The World Health Organization on Tuesday toughened its advice on preventing the spread of Zika, saying anyone returning from areas hit by the virus should practice safe sex for six months afterward.
The updated guidelines mean the U.N. health body’s recommendations regarding sexual transmission are now the same whether or not people are showing symptoms of the virus.
“WHO recommends practicing safer sex or abstinence for a period of six months for men and women who are returning from areas of active transmission … to prevent Zika virus infection through sexual transmission,” the agency said.
The WHO suggested in June that men should avoid sex or use protection for eight weeks after coming back from visits to affected places if they did not show symptoms.
“Mounting evidence has shown that sexual transmission of Zika virus is possible and more common than previously assumed,” the WHO said in guidelines released Tuesday.
Zika is primarily a mosquito-borne virus that causes no symptoms in four out of five of those affected.
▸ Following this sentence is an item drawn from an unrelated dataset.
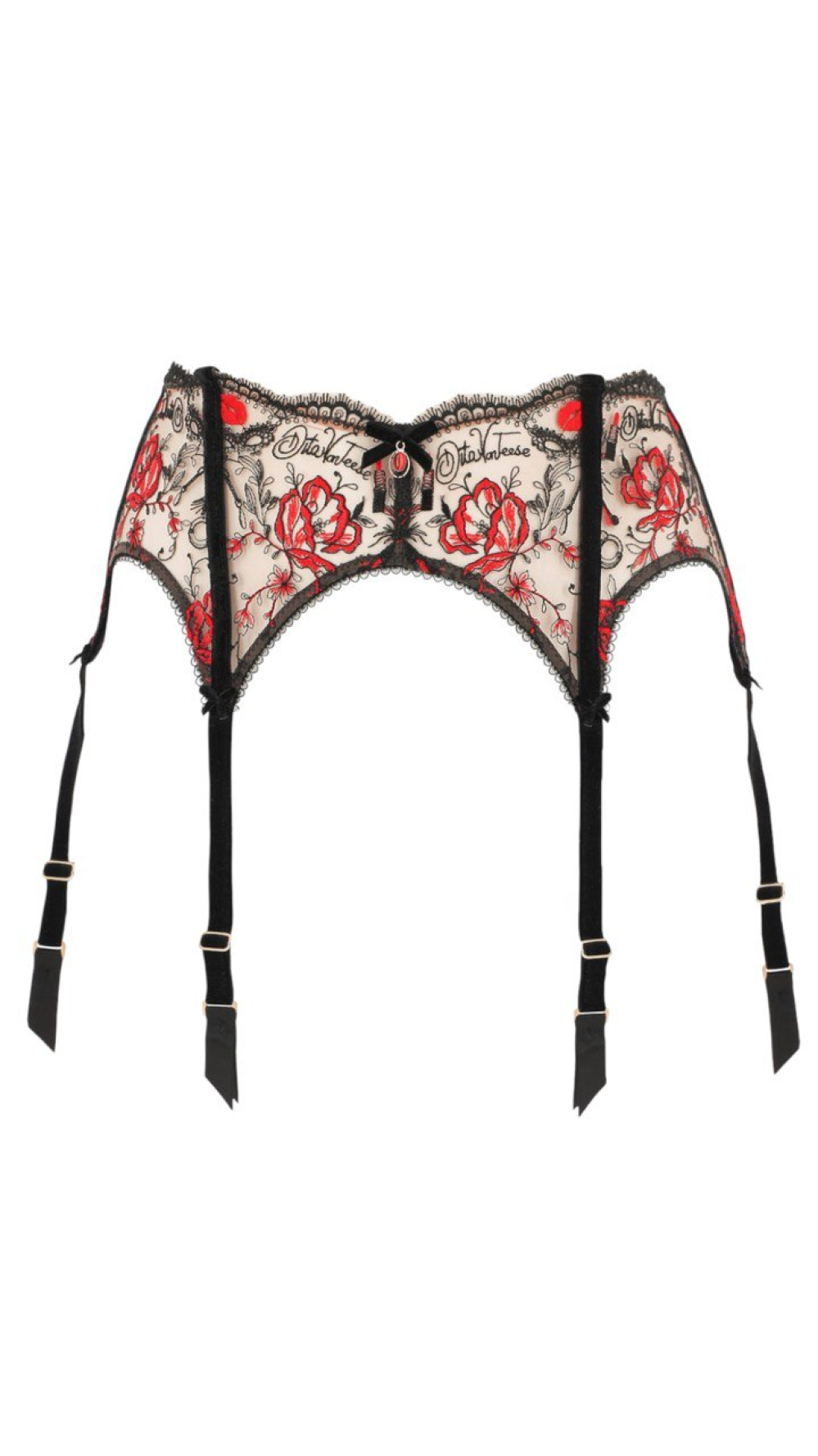 Dita вывела свое искусство «Teese» на новый уровень с помощью элегантно-веселой коллекции Novelteese. Эта красивая красно-черная вышивка на сетке иллюзии представляет собой маленькие сувениры Dita. Ее подпись, ее поцелуй, дерзкий хлыст и наручники, соблазнительная маска для глаз, шпильки и рубиново-красная помада. Сможете ли вы найти их все? Подтяжки Novelteese — это коллекционный экземпляр! Разработаны так, чтобы сидеть высоко на талии, с мягкими косточками, обтянутыми бархатом для придания формы. Эти подтяжки украшены культовой вышивкой Ditas с акцентами на бархатных линиях дизайна и имеют 6 креплений для подвязок для устойчивости.

But if pregnant women are infected, they face a higher risk of having a baby with head and brain defects, a condition known as microcephaly.
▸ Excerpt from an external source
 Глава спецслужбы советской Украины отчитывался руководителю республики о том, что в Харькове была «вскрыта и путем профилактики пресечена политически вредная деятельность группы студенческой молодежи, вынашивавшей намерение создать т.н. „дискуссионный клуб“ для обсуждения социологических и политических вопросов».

The WHO also recommended on Tuesday that people in Zika-hit areas be offered a full range of contraception options in order “to make an informed choice about whether and when to become pregnant.”
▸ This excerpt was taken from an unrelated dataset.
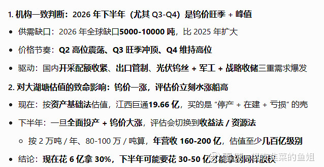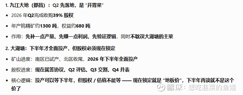 $江钨装备(SH600397)$ 也是19亿估值拿了30%股权,对一个100多亿市值的公司来说,这也是天大利好!矿山产出后,同等价格下,厦钨先拿 6 成,江钨拿 4 成,锁定长期稳定原料。直接锁定2万吨里面的40%就是8000吨原料!!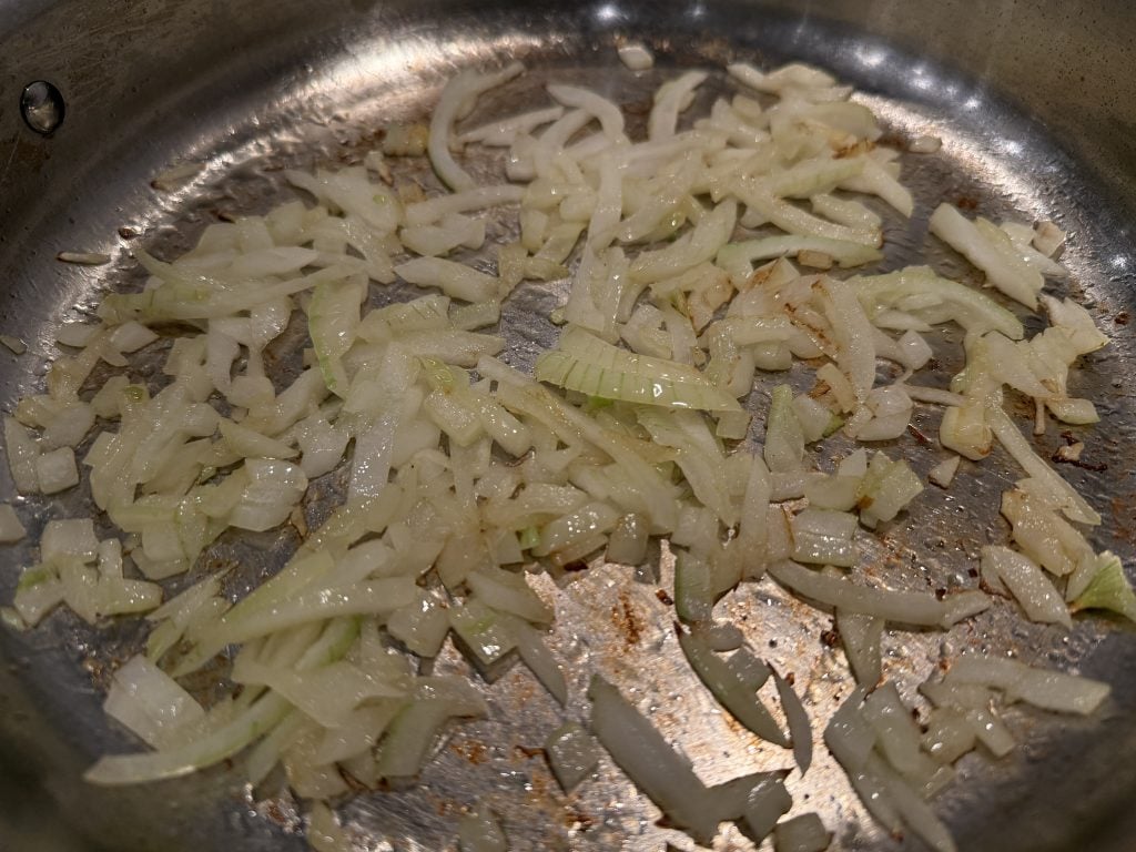 - Add the sliced onions and cook, stirring occasionally, until soft and starting to caramelize. About 8 to 10 minutes. Season lightly with salt.

The Zika virus can live in eyes, researchers meanwhile said Tuesday, after conducting experiments on mice that may explain why some patients develop ocular disease and in some cases become blind.
The study, published in the journal Cell Reports, studied the effects of Zika virus infection in the eyes of fetal, newborn and adult mice.
“Our study suggests that the eye could be a reservoir for Zika virus,” said Michael Diamond, a professor at the Washington University School of Medicine in St. Louis who is one of the study’s senior authors.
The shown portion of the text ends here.